Simple carbohydrates are the easiest and fastest forms of carbohydrates for the body to breakdown and utilize for energy. On the other hand, complex carbohydrates go through a longer breakdown process before they can be utilized for energy.
Within the body, carbohydrates circulate in our blood as glucose. The simple and complex carbohydrates we eat have an effect on the concentration of circulating glucose. The body constantly needs to regulate glucose concentration. If the body is unable to regulate glucose concentrations effectively, diseases like type II diabetes and obesity occur.
Glycemic index is a ranking of foods based on their measured blood glucose response compared with a reference food. The GI is defined as the increase in blood glucose level above the baseline which is the fasted state. The rise in blood glucose from baseline level is measured during a 2-hour period following the consumption of 50 grams of a test food carbohydrate.
The glycemic load is another method used to categorize foods by their effect on blood glucose levels. It is believed that GL provides a better indication of food choices because it takes into account the total quantity and quality of carbohydrates rather than a 50 gram portion of food. The GL is calculated by multiplying the GI of a food by the grams of carbohydrate per serving size. The higher the GL, the greater the expected increase in blood glucose.
The body constantly needs to regulate glucose concentration. If the body is unable to regulate glucose concentrations effectively, diseases like type II diabetes and obesity occur. In order for our body to regulate glucose concentration our muscles and fat cells need to be able to take in the glucose to be utilized for energy. This requires a facilitator known as insulin, which is produced by the pancreas and transports glucose into muscle and fat cells for use. This is where knowing the difference between simple and complex carbohydrates becomes important.
In general, simple carbohydrates are considered High-GI foods because they are digested quickly and will create a sharp increase in blood glucose. As a result, the pancreas rapidly releases insulin to meet the glucose demand.

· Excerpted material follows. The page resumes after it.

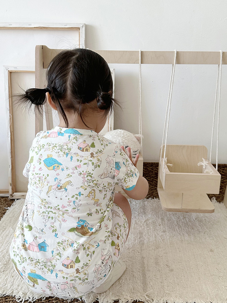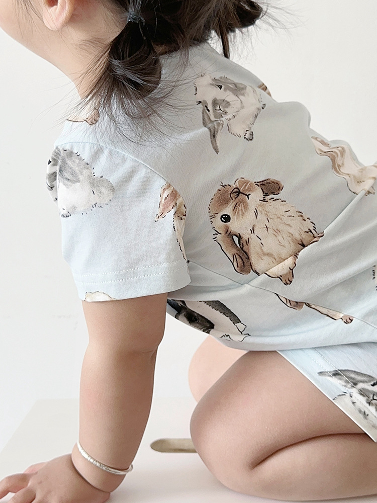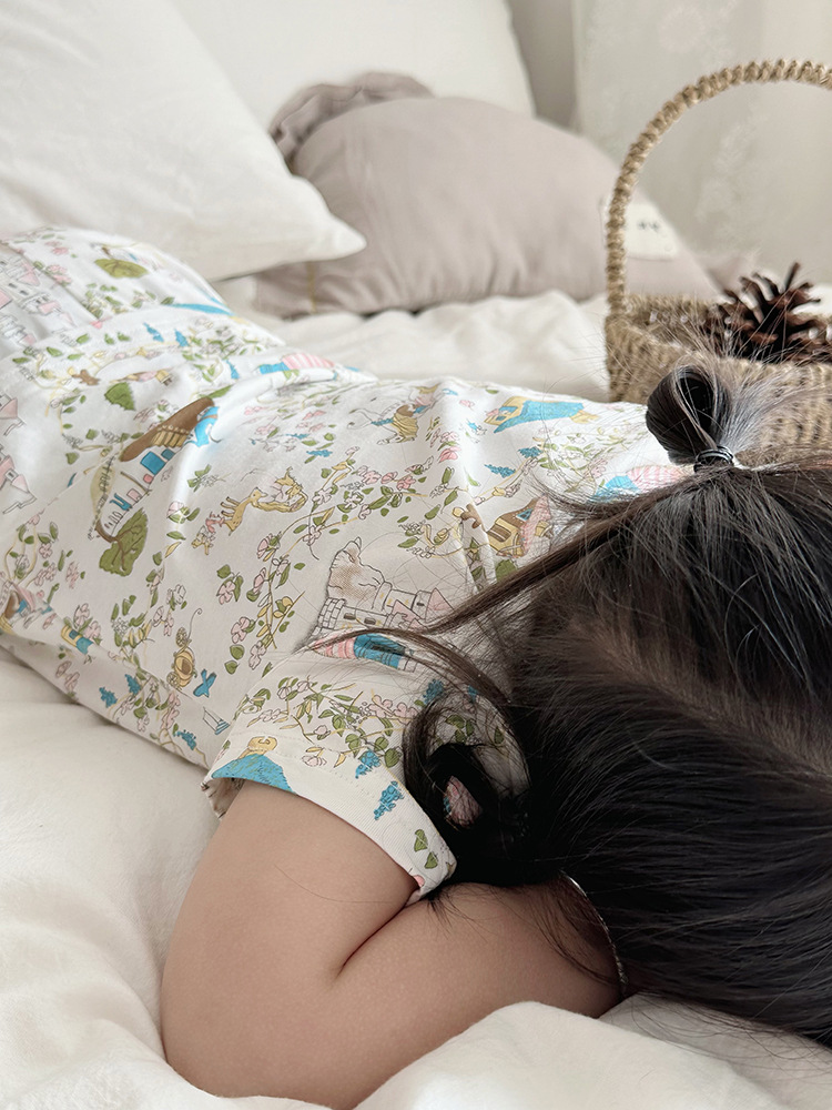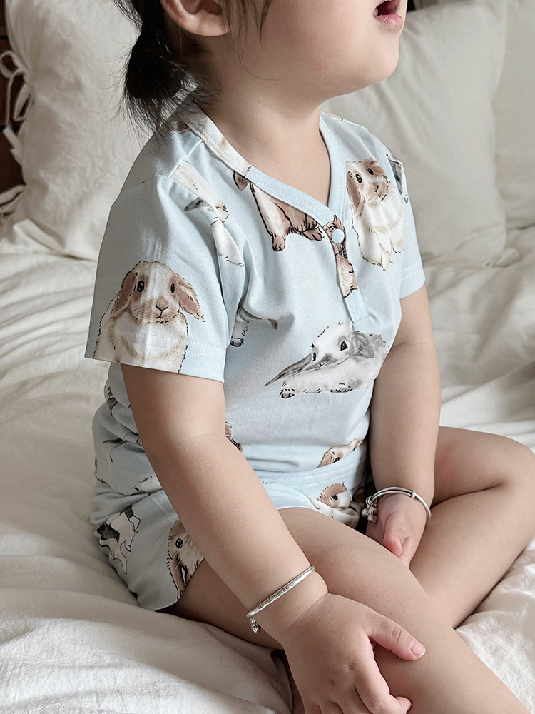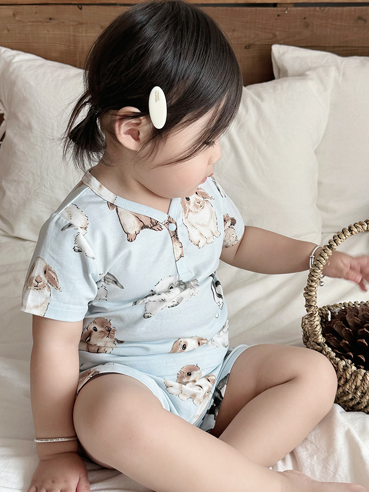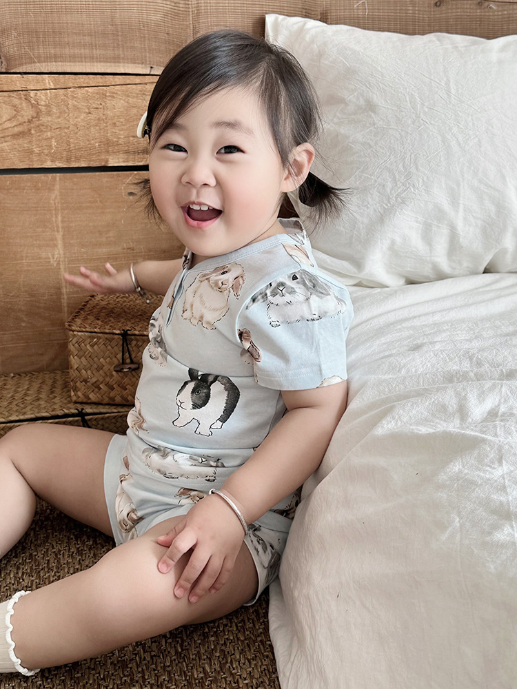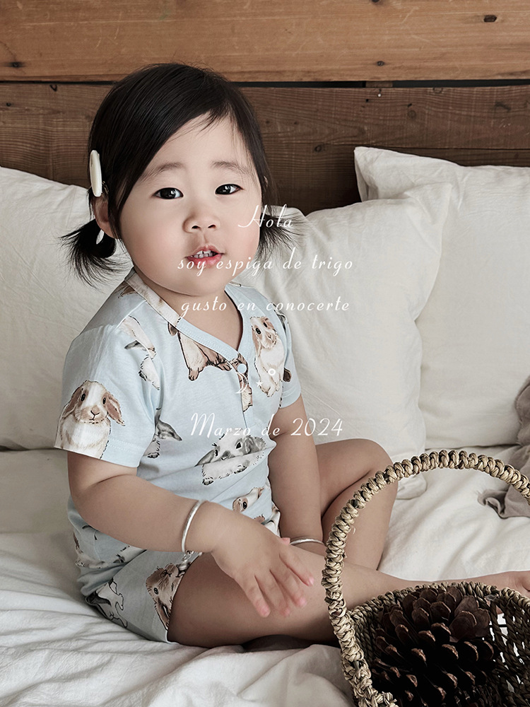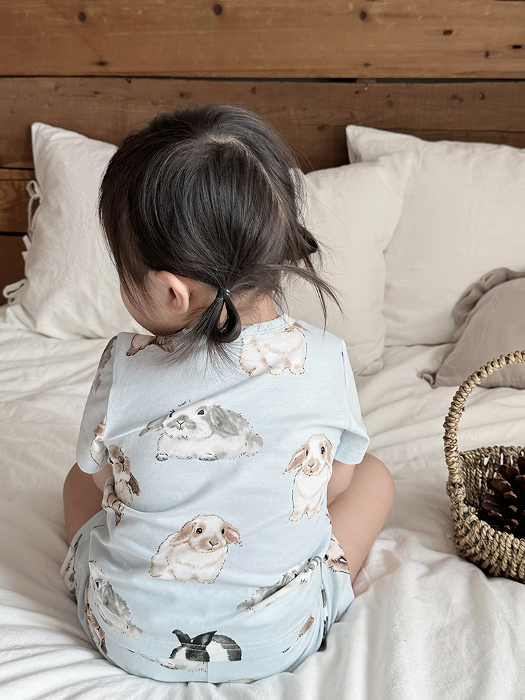 2025 여름 한국 아동복 남아 여아 잠옷 세트 A급 순면 아기 반팔 반바지 세트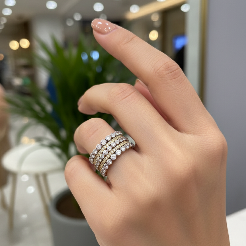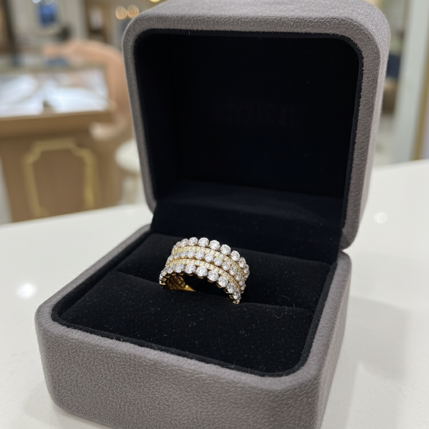 Embrace timeless elegance with The Trinity Band, a stunning ring designed to capture the light from every angle. This exquisite piece features three interlocking bands, creating a bold yet sophisticated stacked look that symbolizes unity and continuous radiance.

However, complex carbohydrates are considered Low-GI foods because they are broken down more slowly and released steadily into the bloodstream without causing a sharp increase or decrease in blood glucose. As a result, the pancreas releases a steady supply of insulin. Therefore, the foods with a lower GI will have a slower more sustained release of glucose (reduced need for insulin). Whereas, foods with a higher GI will have a larger and more immediate spike in glucose (increased need for insulin).

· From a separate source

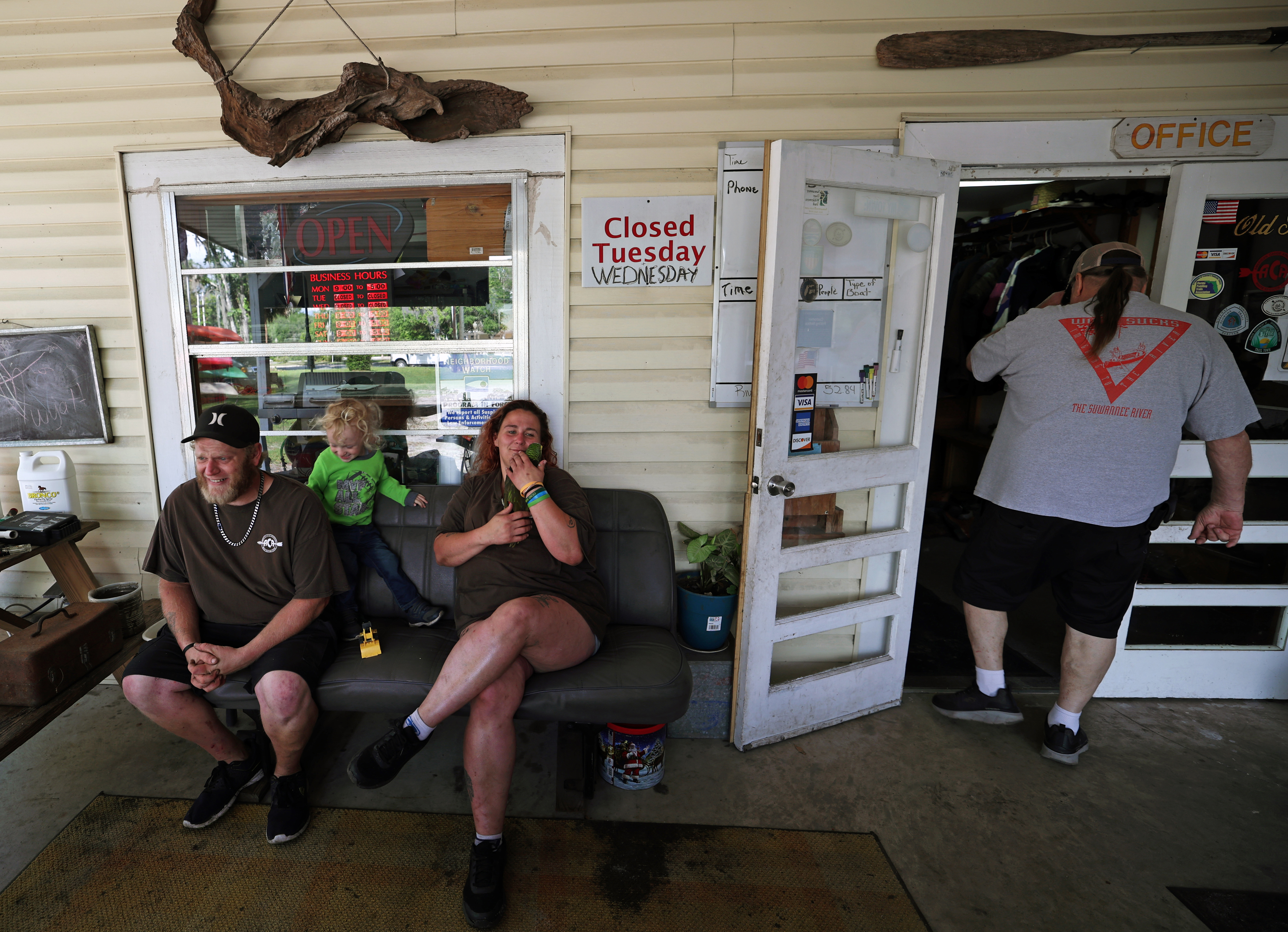John Hannum Jr., Wyatt Hannum, 2, and Summer King sit on the porch of American Canoe Adventures as owner John Hannum Sr. goes inside the building. John Sr. has owned the business in White Springs, Fla. for 30 years.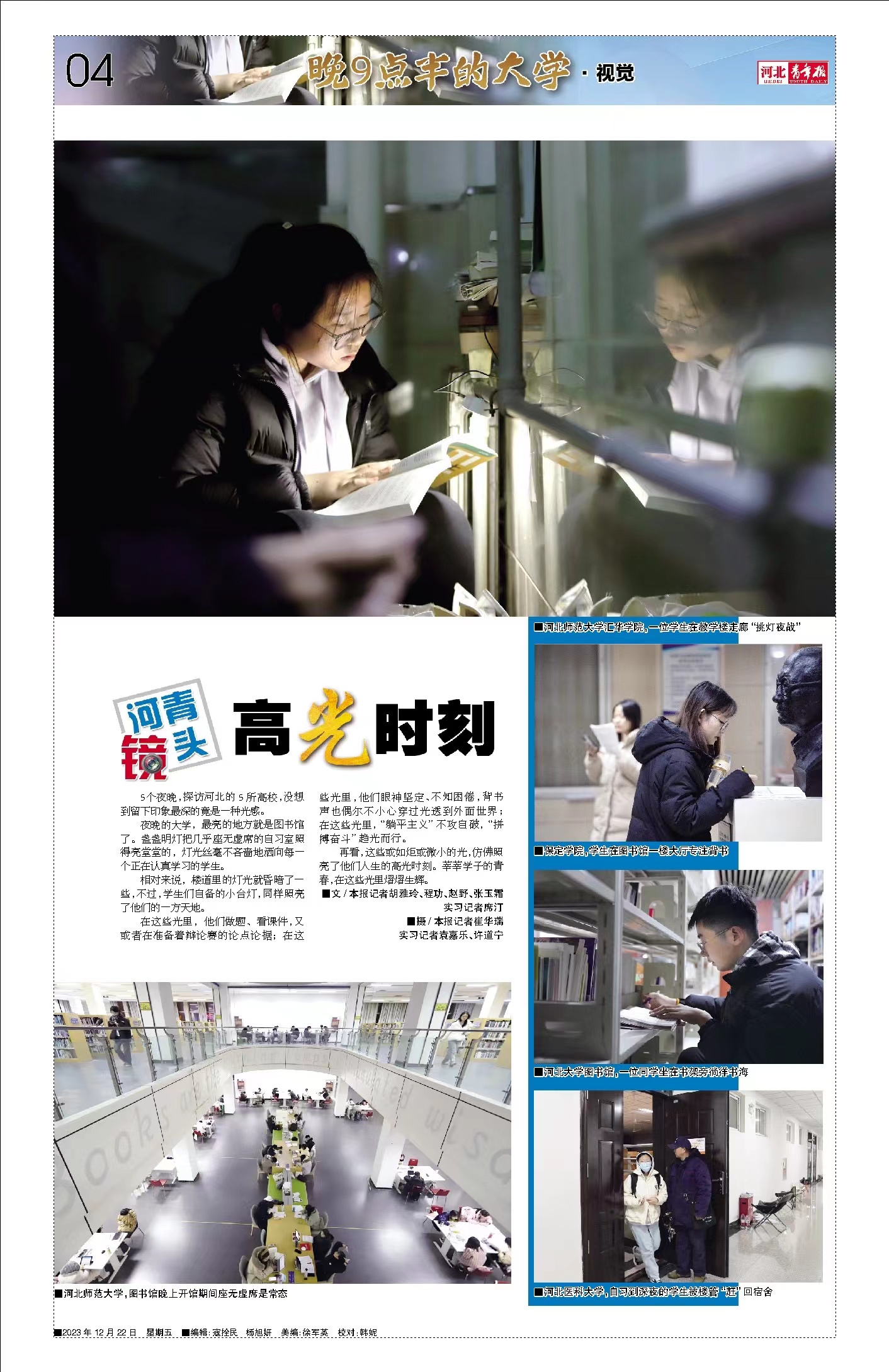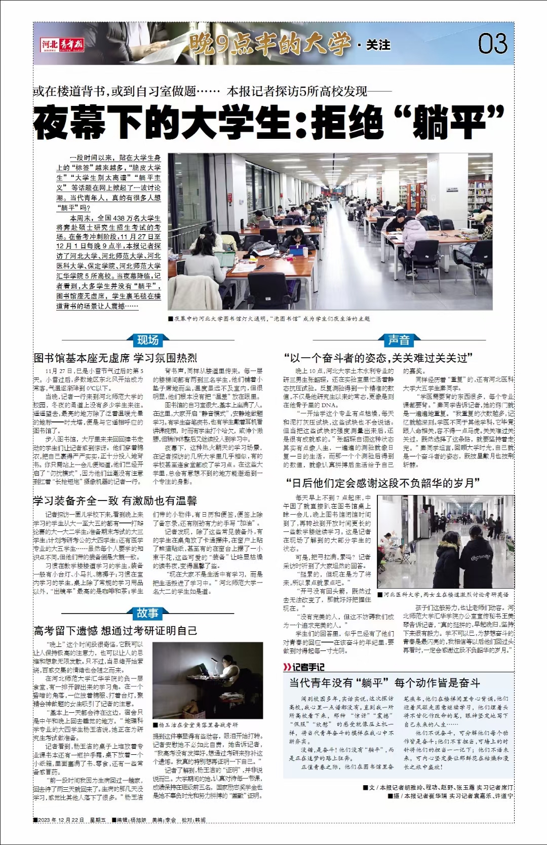 12月20日,河北青年报官方微信视频号、官方抖音豆青新闻同步发布视频《晚9点半的大学》,河北青年报微信公众号发布专题推送《大学生“躺平”了?记者探访河大、师大、医大......看到图片时泪目了》,12月22日,河北青年报3版4版发布专题《夜幕下的大学生:拒绝“躺平”》,报道了MILE米乐集团、MILE米乐集团、河北大学、河北医科大学、保定学院5所高校的考研学习氛围。

This is important to understand because if you continually eat simple carbohydrates that cause a rapid spike followed by a rapid fall of glucose in your system then the body will eventually become desensitized and produce less insulin. This then causes high amounts of glucose to circulate within the blood and eventually leads to type II diabetes, obesity, metabolic syndrome, cancer, and much more!
It is important to distinguish between what foods constitute simple and complex carbohydrates. In general, simple carbohydrates will have a higher GI compared to complex carbohydrates. An example list of foods and the corresponding GI and GL numbers is shown below.
Additionally, the GI and GL of a given food will differ. For example, you will notice there is a stark difference in the GI of carrots compared to GL. This is because a half-cup of carrots is only 6 grams of carbohydrates. Research tells us that the long-term consumption of a diet with a relatively high GL is associated with an increased risk of obesity, type II diabetes and coronary heart disease.
There a many factors that will cause variations in the glycemic response from person to person. For example, the amount of carbohydrates in the meal, if the meal includes fiber, protein, and fat, what the previous meal was composed of, timing of the meal, physical activity level, choice of food, and glucose tolerance of the individual.
Physical activity significantly changes how the body will utilize glucose and it is often recommended to eat simple carbohydrates that have a higher GI around exercise (before & after) so the body can quickly utilize the glucose for energy. A meal that does not have a lot of carbohydrates will generally not have a dramatic glycemic response. Likewise, a meal that has fiber, protein, and fat will induce a slower glycemic response because these nutrients act like a buffer to the breakdown of glucose.
In all, the focus should be on consistently eating foods with a lower GL. In other words, eat carbohydrates that are more complex with a lower GL with most daily meals and eat simple carbohydrates with a higher GI mainly around physical activity (2-4 hours before & after). Limit simple carbohydrates outside of that.